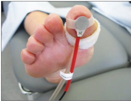
Figure 4. Machine for taking TBPI.
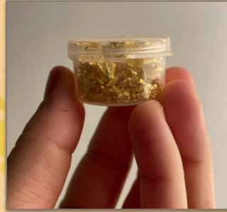
Scraps of gold leaf
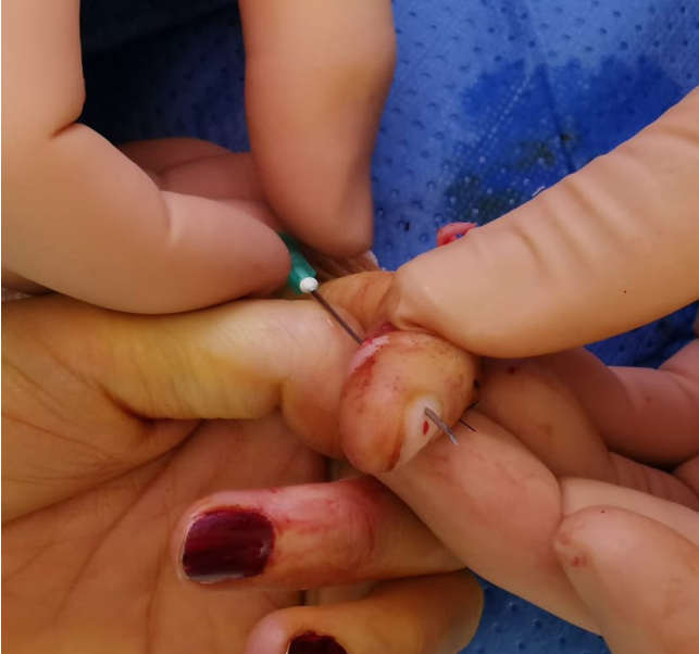
Figure 1. Needle is passed through tendon remnants along the side of the distal phalanx and exits through the nail plate, not engaging the nail folds.

tip of the tendon, and the needle of the nylon suture is then cut. The same trajectory sequence of a 21-gauge hypodermic needle is used at the other side of the distal phalanx, and the other end of the nylon suture thread is passed through the needle from volar to dorsal, providing a second fixing point [Figure 4].
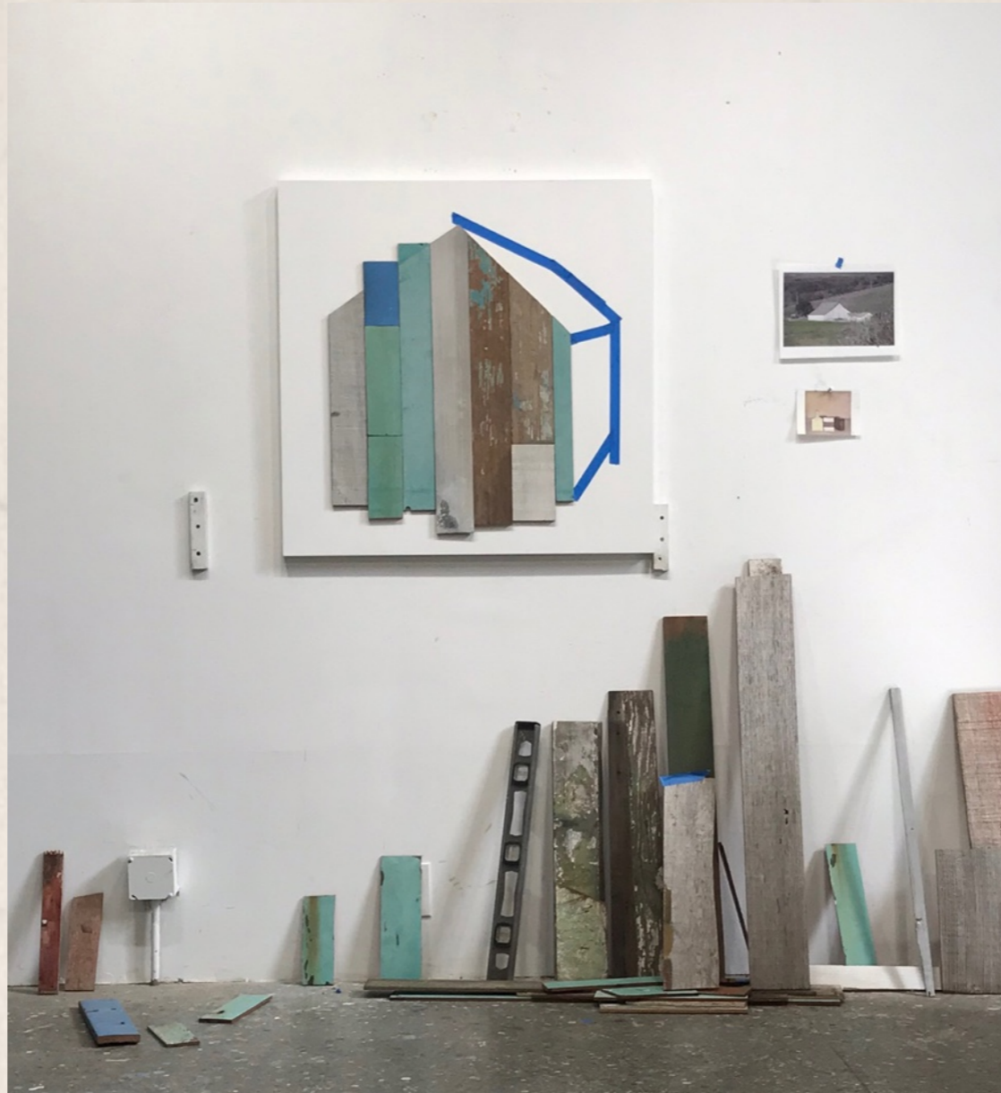
Sometimes my love of the boards determine the design.

————————

**YOUR ASSIGNMENT:** Could you transcribe the records above exactly, leaving every picture out?

**FINAL ANSWER:**
Figure 4. Machine for taking TBPI.
Scraps of gold leaf
Figure 1. Needle is passed through tendon remnants along the side of the distal phalanx and exits through the nail plate, not engaging the nail folds.

tip of the tendon, and the needle of the nylon suture is then cut. The same trajectory sequence of a 21-gauge hypodermic needle is used at the other side of the distal phalanx, and the other end of the nylon suture thread is passed through the needle from volar to dorsal, providing a second fixing point [Figure 4].
Sometimes my love of the boards determine the design.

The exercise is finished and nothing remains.